Diess is the man to whom the group had essentially entrusted full powers, despite the fact that among the reasons for the dieselgate the analysts had identified the excessive concentration of offices in Martin Winterkorn, the manager who has always professed not to have known about tampering, but forced to leave within a few days and on trial in Braunschweig. Diess is also the man who focused exclusively on electrification and who, together with Hans Dieter Pötsch, former head of finance then promoted to chairman of the Supervisory Board, had managed to avoid the courtroom proceedings for the dieselgate events thanks to the payment of 9 million euros. Diess was unable to work “fine” (and perhaps he didn’t even want to work with the workers’ representatives: the clashes with Daniela Cavallo, daughter of an Italian immigrant and head of the Factory Councils, were not lacking) and tried to surround herself with a new generation of managers, many of whom, like him, with backgrounds in BMW. Like Markus Duesmann (head of Audi), like Murat Aksel (purchasing manager) and Hildegard Wortmann (sales number one).

Rumors of Diess’s growing difficulties within the group had been chasing each other for months.
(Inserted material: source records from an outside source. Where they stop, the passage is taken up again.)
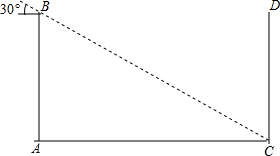 分析:(1)首先设太阳光与CD的交点为E,连接BD,易得四边形ABD是矩形,然后在Rt△BDE中,由DE=BD•tan30°即可求得答案;
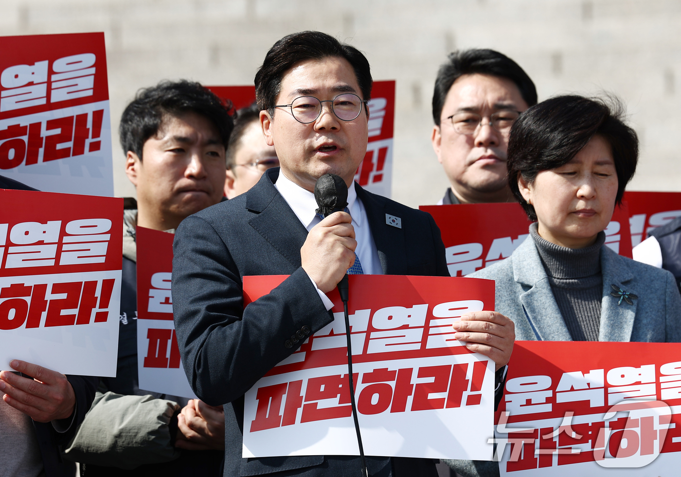 (서울=뉴스1) 김민지 기자 = 박찬대 더불어민주당 원내대표가 11일 오후 서울 여의도 국회 본청 앞에서 열린 박홍배, 김문수, 전진숙 의원의 윤석열 대통령 조기 파면 촉구 삭발식에서 격려 발언을 하고 있다. 2025.3.11/뉴스1
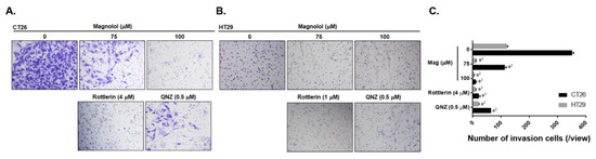 Transwell chambers purchased from BD Biosciences (Franklin Lakes, NJ, USA) were coated with 50 μL matrigel one day before invasion assay. CT26 and HT29 cells were seeded in 10-cm plates (3 × 106 cells/well) overnight and treated with 0, 75, or 100 μM magnolol, 4 μM Rottlerin or 0.5 μM QNZ for 24 h. After treatment, cell viability was rapidly determined with trypan blue, before 2 × 105 viable cells were re-suspended in 300 μL serum-free medium and added to the upper chamber. The lower chamber was filled with 700 μL RPMI-1640 medium containing 10% FBS. After 48 h of migration, cells that invaded transwell membranes were fixed by 4% formaldehyde, stained by 0.5% crystal violet, photographed by microscope (Nikon ECLIPSE Ti-U, Minato City, Tokyo, Japan), and quantified by ImageJ software version 1.50 (National Institutes of Health, Bethesda, MD, USA) [49].
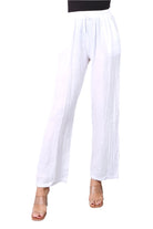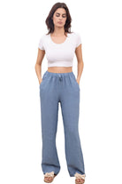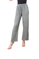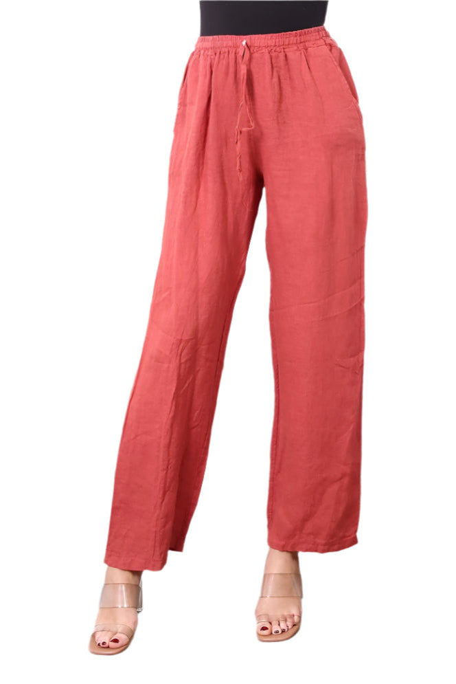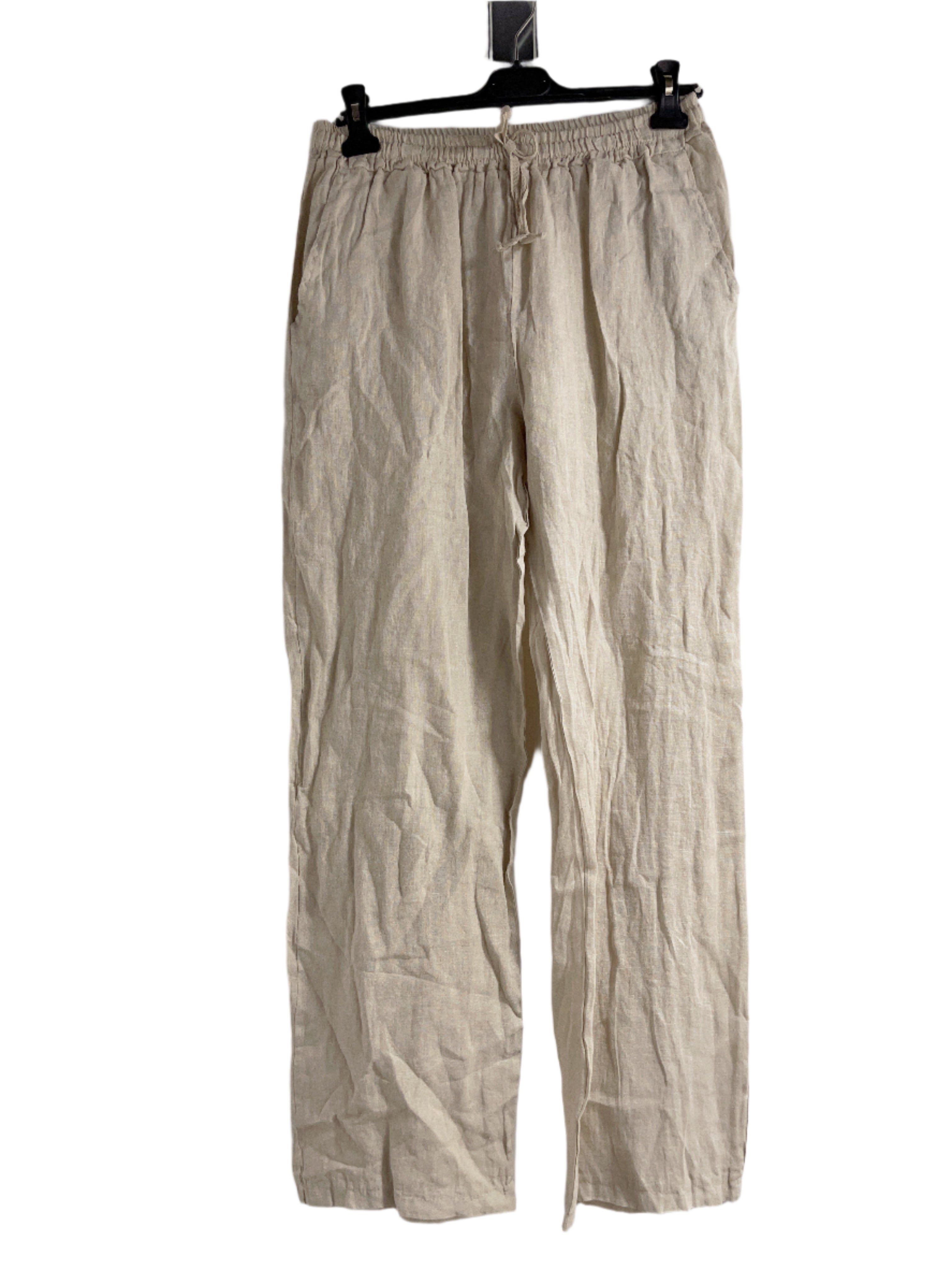 Pantalon droit en pur lin taille unique avec taille élastiquée

Last December the Supervisory Board confirmed his trust in him, but his effective powers had been reduced with a redistribution of offices and an increase in the number of members of the Board of Directors.

READ ALSO – Volkswagen Group, the new map of power: Diess remains, but resized. Investments of 89 billion in electricity

At the same time, thanks to growing volumes, mind-boggling margins and rising profits, the prices of Oliver Blume have progressively risen, moreover skilfully supported by Lutz Meschke, 56, the head of finance and number two at Porsche.

Blume is an expression of the group and seems to have less polarizing attitudes, even if not necessarily accommodating and in any case more favored by the workers (Porsche pays very high bonuses to employees). He has successfully launched the electric Taycan and has made the “break” with respect to the group both on the production of a future electric and on the development of the new platform for premium zero-emission vehicles. In Diess the problems of Cariad, the subsidiary that deals with the software for which it had direct responsibility, were also likely to have been “fatal”. In recent days, Porsche had anticipated its strategy not hiding the difficulties on this front.

It will therefore be Blume himself who will manage the listing on the Stock Exchange of the manufacturer he has been driving since October 2015 and of which he remains CEO: the operation should be completed by the end of the year.